To first determine the effect of miR-146a inhibition on endothelial function, we investigated whether knockdown of miR-146a affected EC capillary-like tube formation, migration, survival, or permeability. HUVECs were transfected with 30 nM anti-miR-146a or scramble controls for 24 h before initiating the assay. Formation of capillary-like tube structures was assessed after 6 h of exposure to either normal growth (20% O₂ and 10% FBS) or HSS (2% O₂) conditions. ECs transfected with anti-miR-146a exhibited a significantly decreased number of EC loops and a trend toward decreased number of tubes compared to scramble in both growth and HSS conditions, suggesting an impact on EC network formation and motility (Figures 1A,B). This coincided with impaired EC migration with knockdown of miR-146a, as determined by an endothelial scratch assay, again in both normoxic growth (Figure 1C) and HSS (Figure 1D) conditions.

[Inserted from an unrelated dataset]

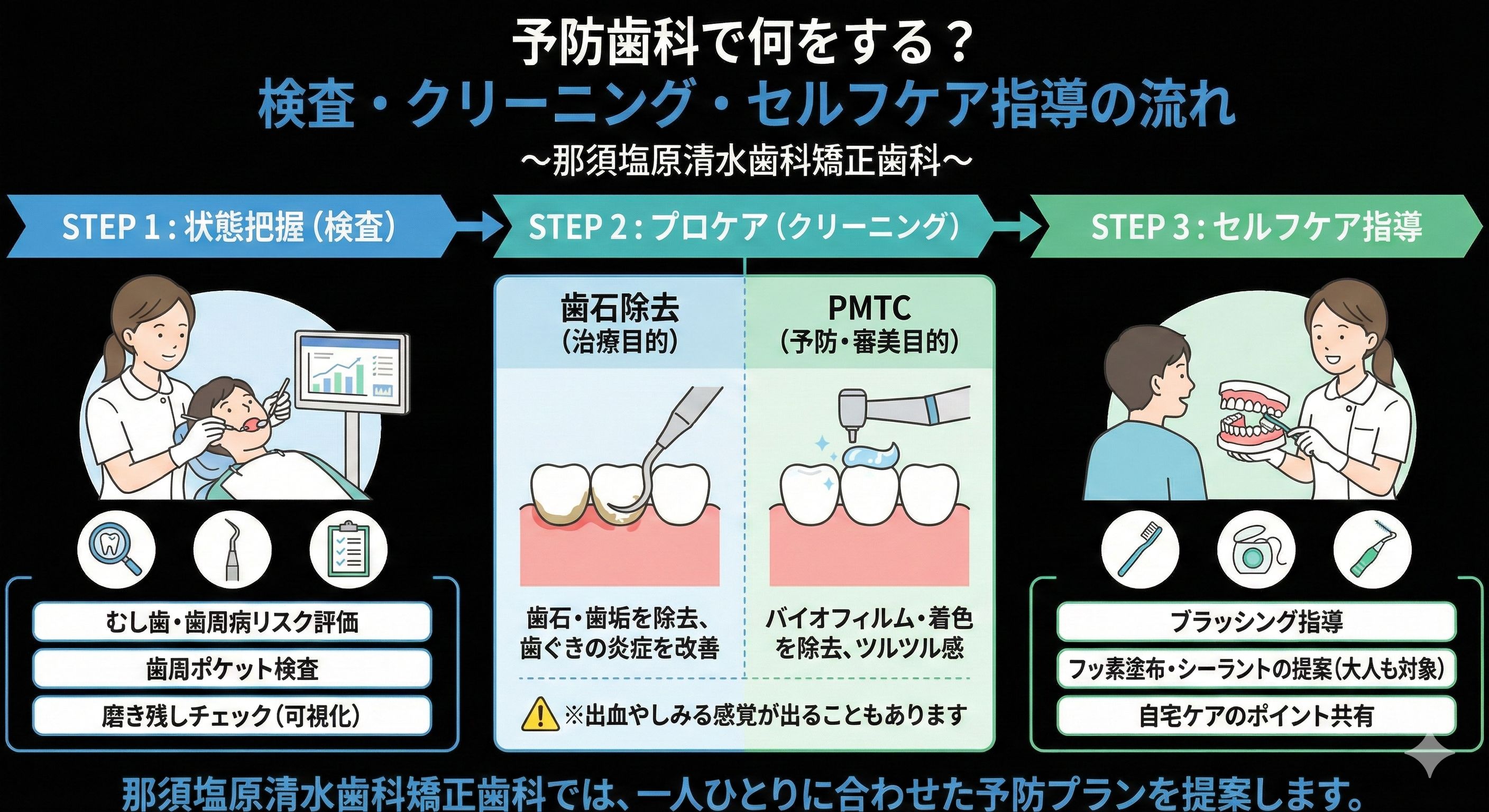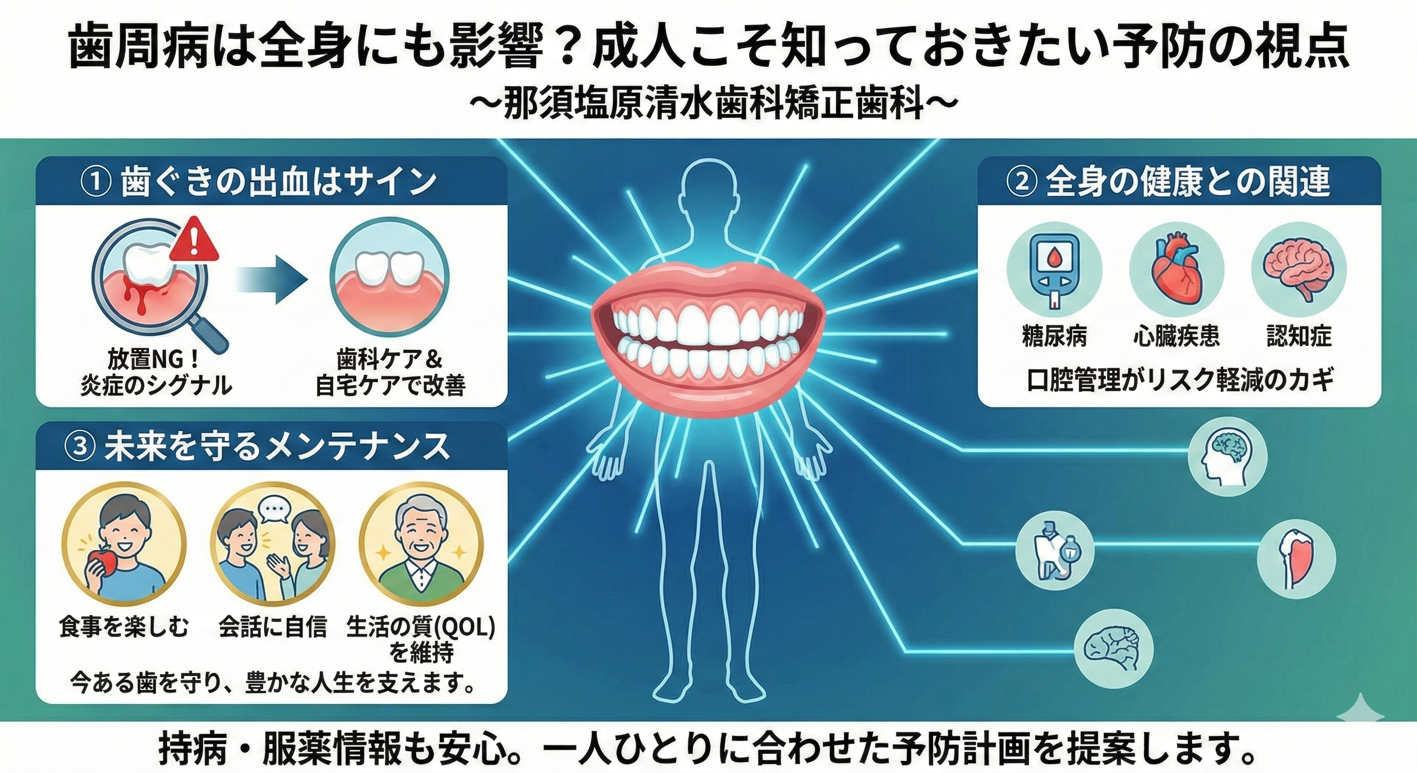 那須塩原清水歯科矯正歯科では、年齢だけで決めつけず、リスクと生活背景を見ながら、その人に必要な予防を提案する方針です。

There were no significant differences in EC survival or EC permeability between scramble and anti-miR-146a treated cells (Figure 2).

FIGURE 1

Figure 1. Impaired endothelial tube formation and migration with microRNA (miR)-146a knockdown in vitro. (A,B) Tube formation of human umbilical vein endothelial cells (HUVECs) transfected with 30 nM scramble or anti-miR-146a oligonucleotides after 6 h of exposure to growth [20% O₂, 10% fetal bovine serum (FBS)] or hypoxia serum starvation (HSS) conditions (n = 3). (C,D) Endothelial wound closure in HUVECs after 12 h of exposure to either growth [(C), n = 4] or HSS [(D), n = 4] conditions. Student’s t-test. Data are mean ± SEM.

FIGURE 2

Figure 2. No significant effect on endothelial cell (EC) survival or permeability with microRNA (miR)-146a inhibition in vitro. (A,B) Twenty-four hours after transfection with 30 nM scramble or anti-miR-146a oligonucleotides, human umbilical vein endothelial cells (HUVECs) were exposed to 24 h of either growth [normoxia, 10% fetal bovine serum (FBS)] or hypoxia serum starvation (HSS) conditions. During the final 4 h, the tetrazolium salt WST-1 was added to the medium. Resulting salt cleavage to formazan by mitochondrial dehydrogenases was used as an indicator of cell viability (n = 4). Student’s t-test. (C) Transwell inserts (0.4 µm) were used to assess EC permeability via rhodamine dextran (70 kDa), after 24 h of HSS exposure in HUVECs transfected with scramble or anti-miR-146a oligonucleotides (n = 3). Mann–Whitney U-test. Data are mean ± SEM.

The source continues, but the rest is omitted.